→ PROBLEM REQUIREMENTS:
Below this line are records; write out exactly the lines from the one containing "社群媒體用戶也更加忙碌,生活" through the one containing "- Role: Narrative", with the pictures left out.

→ RECORDS FOR THE EXERCISE:
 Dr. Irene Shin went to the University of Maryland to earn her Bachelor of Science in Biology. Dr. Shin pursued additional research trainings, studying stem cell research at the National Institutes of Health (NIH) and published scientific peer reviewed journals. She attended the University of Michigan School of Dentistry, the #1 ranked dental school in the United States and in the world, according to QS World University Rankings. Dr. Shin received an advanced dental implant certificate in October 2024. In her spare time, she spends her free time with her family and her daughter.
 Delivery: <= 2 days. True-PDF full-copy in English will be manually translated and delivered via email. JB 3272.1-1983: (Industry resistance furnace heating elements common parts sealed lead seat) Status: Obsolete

* * *

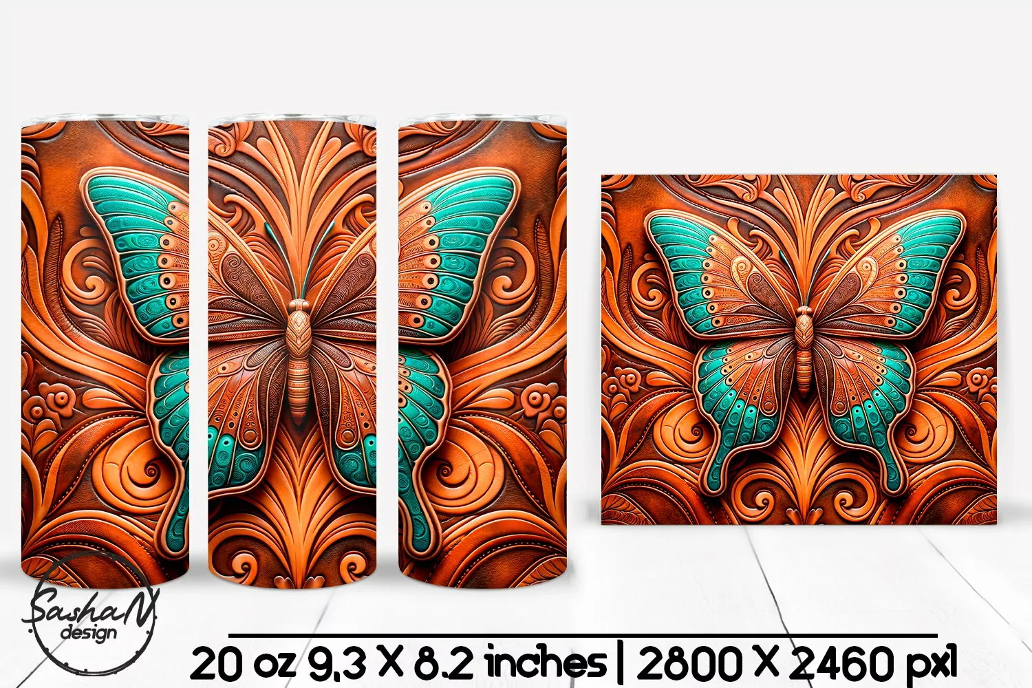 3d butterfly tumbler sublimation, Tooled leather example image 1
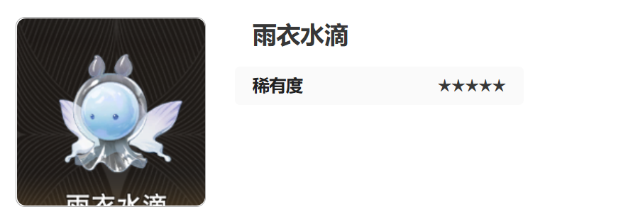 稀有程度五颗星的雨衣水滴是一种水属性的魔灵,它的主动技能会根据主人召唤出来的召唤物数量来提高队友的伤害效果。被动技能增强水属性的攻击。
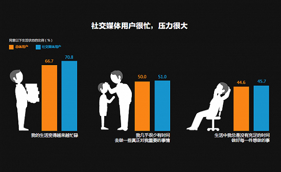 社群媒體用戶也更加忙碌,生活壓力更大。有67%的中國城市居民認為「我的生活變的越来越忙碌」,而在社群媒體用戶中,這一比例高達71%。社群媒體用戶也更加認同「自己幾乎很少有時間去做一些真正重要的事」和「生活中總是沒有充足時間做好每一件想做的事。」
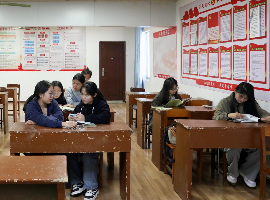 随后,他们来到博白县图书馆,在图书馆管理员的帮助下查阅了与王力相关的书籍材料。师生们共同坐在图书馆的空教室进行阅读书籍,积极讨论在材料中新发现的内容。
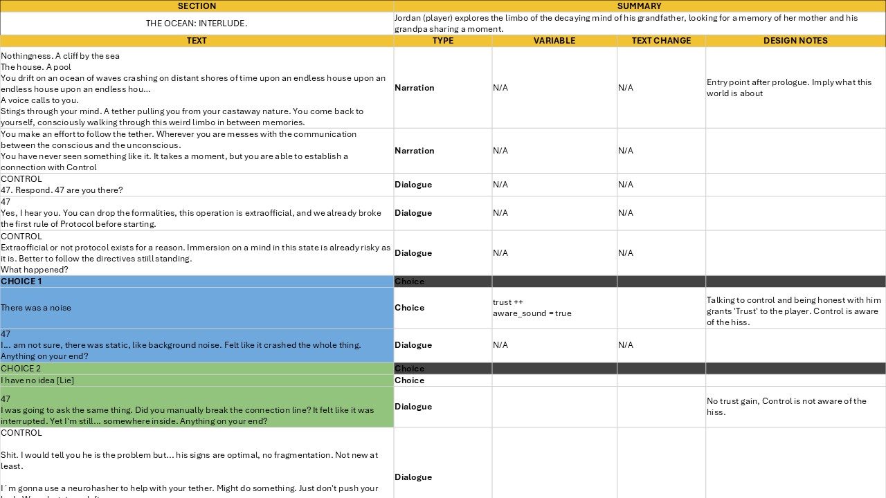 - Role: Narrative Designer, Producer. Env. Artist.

→ OUTPUT OF THE TASK:
 社群媒體用戶也更加忙碌,生活壓力更大。有67%的中國城市居民認為「我的生活變的越来越忙碌」,而在社群媒體用戶中,這一比例高達71%。社群媒體用戶也更加認同「自己幾乎很少有時間去做一些真正重要的事」和「生活中總是沒有充足時間做好每一件想做的事。」
 随后,他们来到博白县图书馆,在图书馆管理员的帮助下查阅了与王力相关的书籍材料。师生们共同坐在图书馆的空教室进行阅读书籍,积极讨论在材料中新发现的内容。
 - Role: Narrative Designer, Producer. Env. Artist.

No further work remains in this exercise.